I brought a torch so I am not taken out by a car (people drive wild on the wild road), but needn’t have otherwise: the moon is up and the lane is clear enough; the North Star and Jupiter flicker between the high hedgerows. And there is a continuous froth of gleaming white wildflower — of abundant cow parsley and the low spikes of dead nettle; the last of the blackthorn blossom and the first hawthorn; chandeliers of musky guilder rose and brilliant constellations of greater stichwort, the starflower, Stellaria holostea. Whoever named the plant Stellaria (was it Linnaeus?) must surely have observed the trim white perennial at night, as at this moment the likeness is profound. Scattered in dots and drifts, and blooming at an unusual variety of heights and depths, the effect is an illumination so much like the night sky, each flower ranging in brightness like the glowing embers of a bonfire.
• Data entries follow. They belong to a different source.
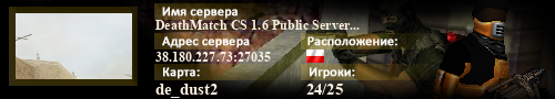 | Статус : Включен | Страна Адрес сервера : 38.180.227.73:27035 Игра : Counter-Strike : Source Карта : de_dust2 Игроки : (1)24 / 25 | Загружен на : Сайт сервера : Не задан Обновлен в : 22:35 | Пинг : 64 мс | Версия : 1.1.2.7/Std ОС: Linux | VAC - Secured | ||
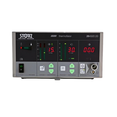 storz史托斯 26432020 (2) 气腹机常见故障: 压力讨高报感无法开机无法进气报警代码、气压不足,无气体输出,压力不稳等 气腹机的常见故障及处理措施: 气腹机显示压力过高:手术台上穿刺套针连接注气管道的开关未打开
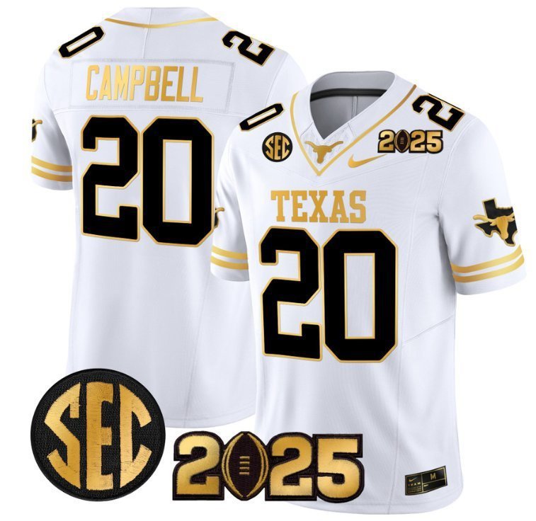 Earl Campbell #20 Texas Longhorns 2025 CFP Final Patch White Gold
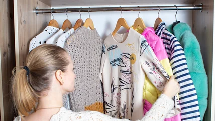 If needed, assemble your purchases according to the manufacturer's instructions. Start up high by simply placing the cube-style storage shelves atop the wire shelving. Depending on the shelf height, you could be working with four-cubby or two-cubby shelves. Then, arrange the shoe racks on the floor, flush with the wall and directly under the wire shelving. How you arrange these is customizable, depending on how big your closet is, how many shoe racks you bought, and your number of shoes. You can stack a few two-high, for example, or arrange them in a stair-step layout. The latter gives room to hang longer clothing, like dresses. Once all the shelving units and shoe racks are in place, use the cubbies up high to organize accessories — think hats, scarves, and purses. You could even put a few of your favorite pairs of shoes on display up there. Fill the shoe racks on the floor with your everyday footwear.
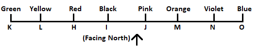 Eight friends H, I, J, K, L, M, N and O are sitting in a row facing north. All of them like different colours – Red, Pink, Orange, Green, Yellow, Black, Violet and Blue.
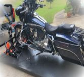 Specialized trucks with hydraulic lifts to transport your motorcycle or scooter the proper way, using soft straps, and secured front wheel chocks.
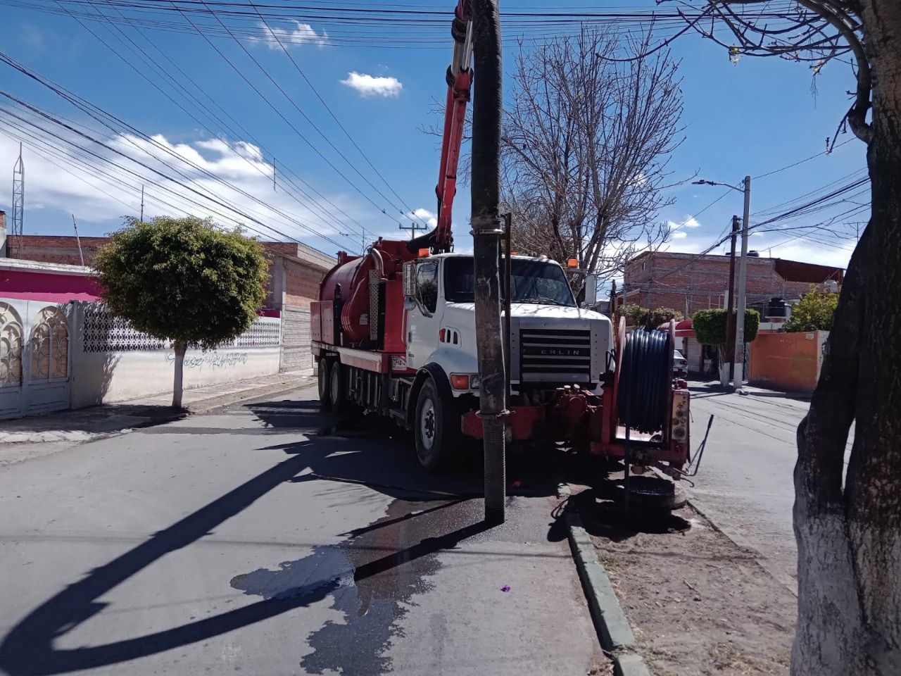 SGS.- Con el objetivo de mantener en buen estado las líneas de drenaje, libres de taponamientos que provoquen fugas de aguas negras, el Organismo Intermunicipal de Agua Potable, Saneamiento y Alcantarillado, (Interapas) atendió esta semana las colonias Hogares Ferrocarrileros y San Felipe en el municipio de Soledad de Graciano Sánchez.
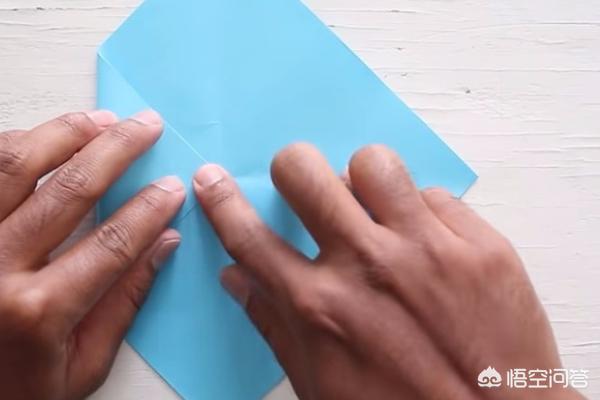 2、然后将纸张展开,将纸张两边的角折叠到中间位置,形成信封的两边,然后将下面的角向上折叠。
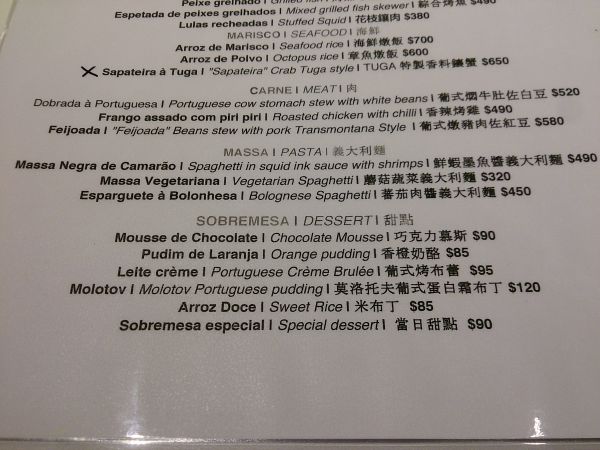 TUGA葡萄牙餐廳的招牌菜之一,焗烤奶油鱈魚 (NT$520) 加入馬鈴薯一起焗烤。醃鱈魚比新鮮鱈魚多了點嚼勁,適度的鹹位正好讓奶油醬汁不會太膩。
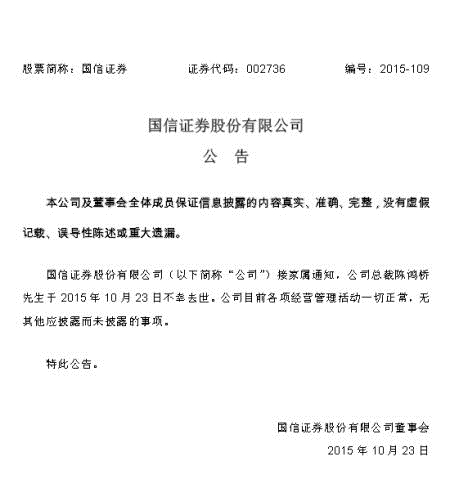 针对国信证券总裁陈鸿桥去世传闻,国信证券发布公告称,接家属通知,公司总裁陈鸿桥先生于2015年10月23日不幸去世。公司目前各项经营管理活动一切正常,无其他应披露而未披露的事项。
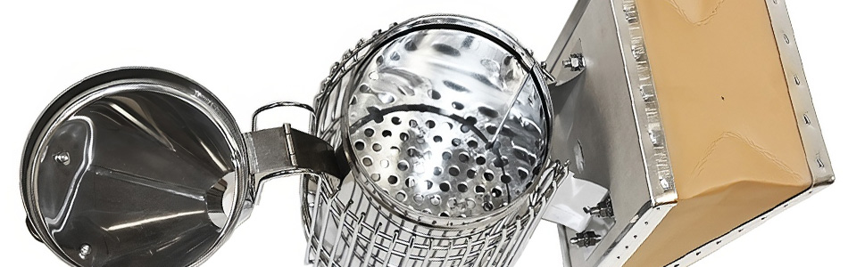 Grand enfumoir apicole en acier inoxydable d'un fabricant allemand, fabriqué à partir d'alliages d'aciers inoxydables de qualité. Amélioré avec une cage plus dense pour une sécurité accrue. Enfumoir apicole avec soufflet en cuir.
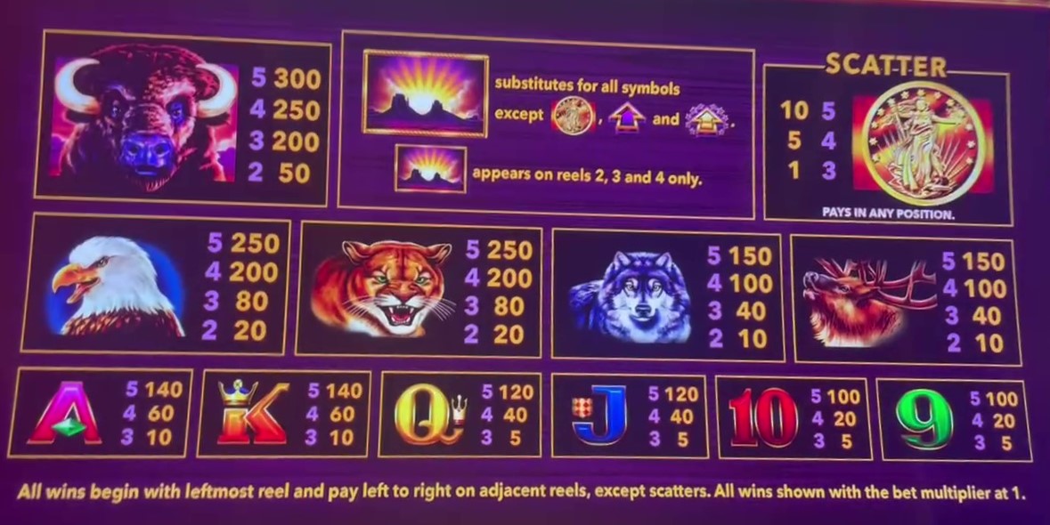 - رموز خط الدفع هي الجاموس، النسر، الكوجر، الذئب، الغزال، A، K، Q، J، 10، و9.
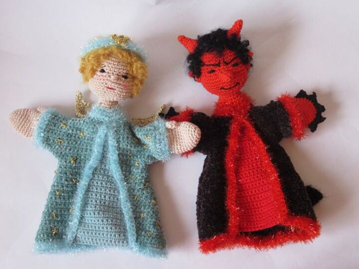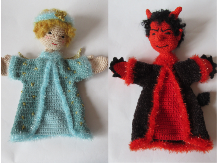 Der Engel steht auf der Seite der Guten. Er beschützt sie und möchte sie vor allem Bösen bewahren.Der Teufel ist immer zu Streichen aufgelegt und möchte die Guten immer wieder zum Bösen verführen. Aber gar so furchterregend und böse ist er dann doch nicht und lässt sich oft vom Engel bekehren.
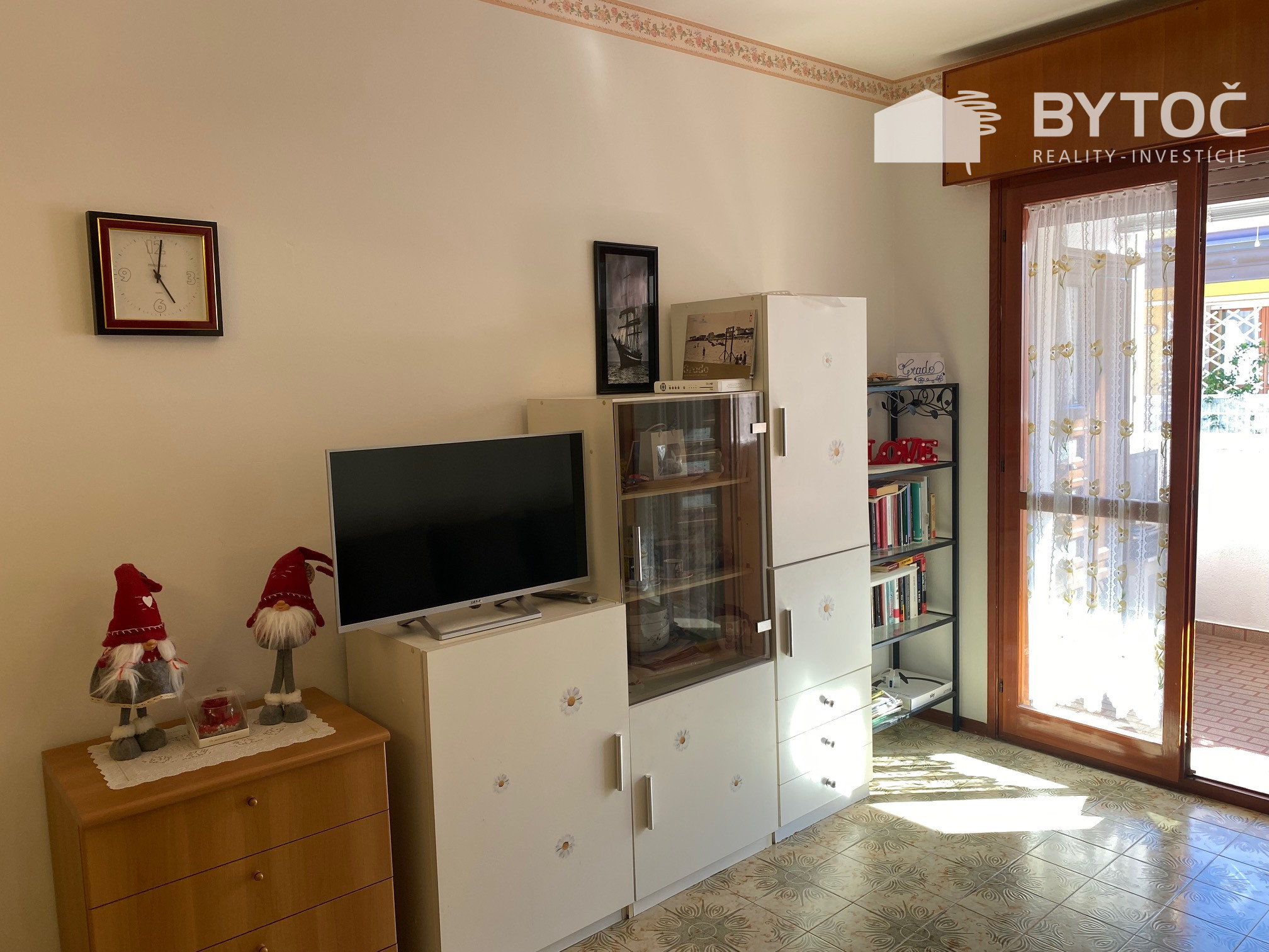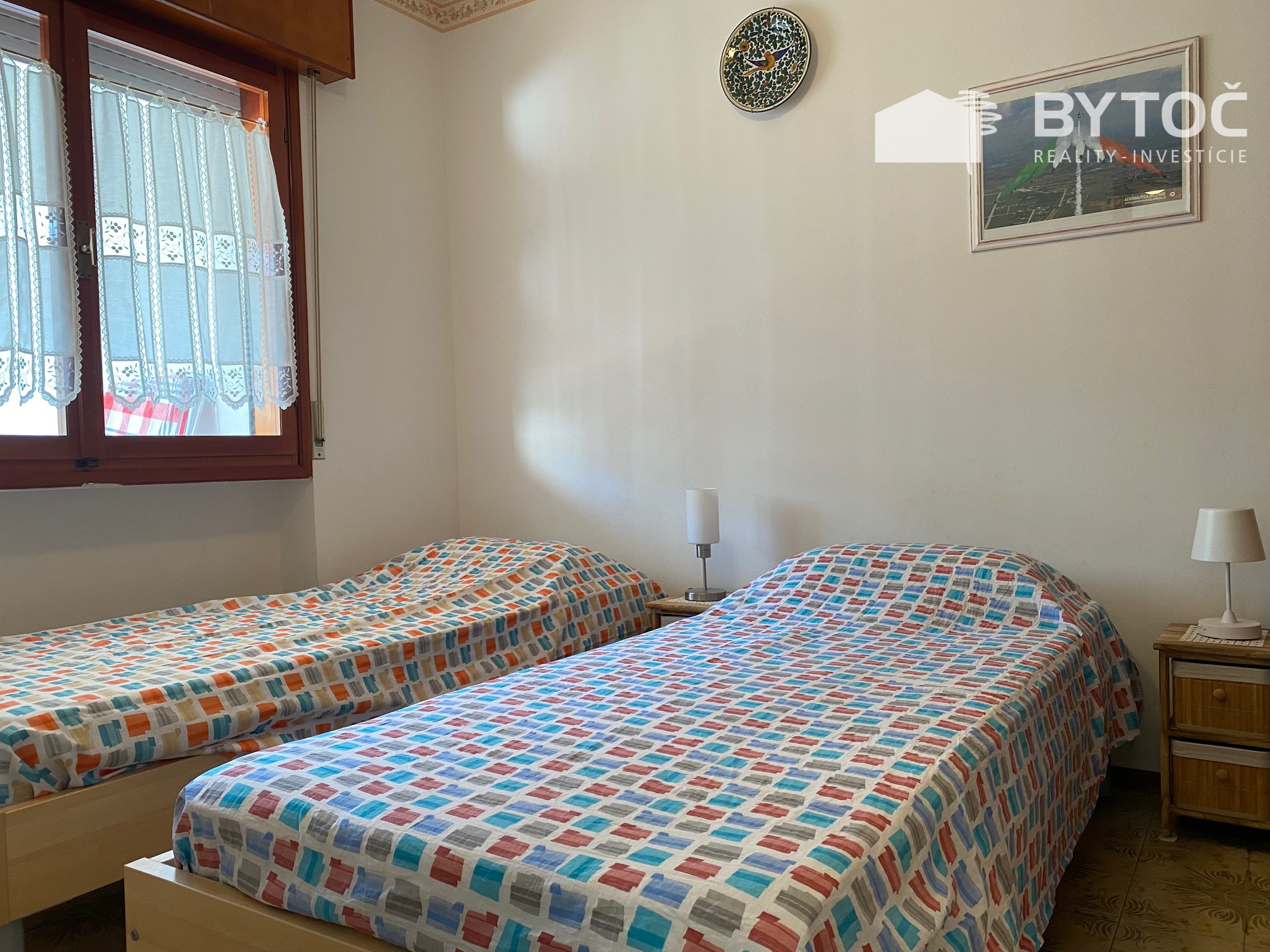 Na slnečnom ostrove Grado v Taliansku, kde začína Benátska riviéra ponúkame na predaj 2-izbový byt v rezidenčnej štvrti Pineta, v tichej oblasti plnej zelene a píniových stromov. Byt má rozlohu 47 m2 a nachádza sa na 4. poschodí budovy s výťahom. Len 100 metrov od pláže!

In the cooler air of the village approach there hangs a familiar, favourite smoky scent: somebody is burning cedar wood.
25 April 2025
I’m convinced that opportunistic plants (aka weeds) intentionally place themselves beside garden plants of a similar form or leaf shape, in the hope of going unnoticed. Tonight I spotted a remarkably mature woundwort (Stachys palustris) growing next to my clump of Phlomoides tuberosa; two plants uncanny in their resemblance; one intended, the other a rogue. Of all the weeds local to this area that might drift in, however, few are as welcome as woundwort, with its summer whorls of deep burgundy.
26 April 2025
More potting-on this afternoon: cuttings of Fuchsia ‘Hawkshead’ (from stems subtly snapped from a neighbour’s front garden — a habit), clumps of hollyhock (also from pilfered neighbourhood seed… see!); too many calendula seedlings and those of Leucanthemum — the giant variety that surrounds my parents’ house in Wales, from which I took a few seed heads last summer. The cold frame is now packed full; things will have to be planted out before more can be added in.
The garden is pure thrill at this time of year: always you are observing and editing, observing and editing. Lifting and transplanting self-sown seedlings, stripping away burgeoning leaves overshadowing neighbouring plants; pinching-out stem tips to double the volume of flowers. Even in so small a garden as this, all gaps are earmarked for annual plug-ins — the dahlias, cosmos, lilies and calendula still gearing up in the cold frame. You watch as the climbers slowly and then suddenly green the fences, and Welsh poppies paint the borders with yellow saucers. Bright potentillas tumble over themselves. It is truly unreal how fast things move in April, everything at once; it’s a sprint to keep pace with it all.
Matt Collins is a garden and travel writer, and head gardener at the Garden Museum in London.